À Le Sen, en Haute Lande, la discrétion est une marque de fabrique. Ici, Biolandes, fondée en 1980 par Dominique Coutière, prospère au point d’être aujourd’hui présente dans 16 pays. Un leader mondial des essences naturelles.

Biolandes

©JPEG-STUDIOS

En arrivant dans le petit village de Le Sen, juste à côté de Labrit, pas un seul panneau n’indique l’entreprise qui emploie 200 salariés sur site, entre acteurs de production, d’analyse, du développement, de la logistique, des achats et de la force de vente. Il faut faire confiance au GPS, rouler sur la longue route de Bélis, puis s’étonner de l’entendre demander de s’arrêter devant une vieille ferme landaise à colombages noirs. Là, un habitant nous indique finalement le reste du chemin. Encore deux kilomètres au milieu des pins et voici que surgissent l’usine et le siège social de Biolandes, spécialiste des essences naturelles destinées aux parfumeurs-créateurs du monde entier.

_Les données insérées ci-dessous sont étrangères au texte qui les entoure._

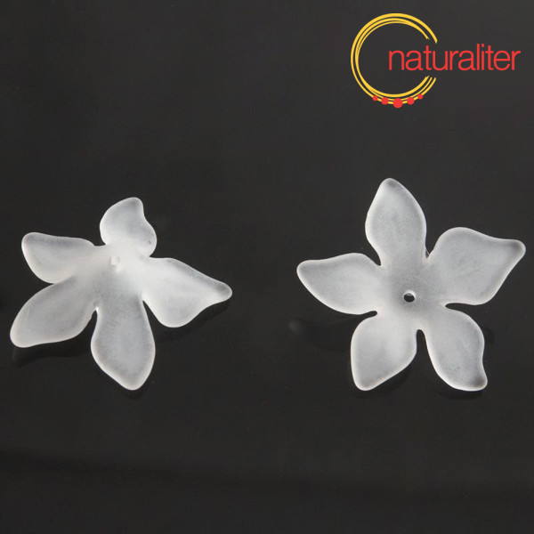 Bílý akrylový korálek ve tvaru kytičky na šperky a dekorace.

CHAMPS, LABORATOIRE R&D ET USINE DE TRANSFORMATION

Devant le bâtiment administratif tout en verre et bois, le logo de la société a été creusé dans la terre pour apparaître sous forme d’un étang dans lequel se reflète l’ensemble architectural. Une idée qui date de 1990 : le logo vu du ciel, « c’était anticipé pour Google Maps ! », s’amuse le directeur général, Philippe Coutière, fils du fondateur, devant ce site de 30 hectares, entre champs de pins, usine de transformation et laboratoire d’analyses et de création. Ici, sont d’ailleurs expérimentés tous les produits côté parfumerie et arômes alimentaires : « J’ai eu le Covid. J’ai perdu l’odorat et un peu le goût pendant sept mois, je ne pouvais donc plus être dans le panel des testeurs ! », raconte le dirigeant, diplômé de l’École Centrale de Lille.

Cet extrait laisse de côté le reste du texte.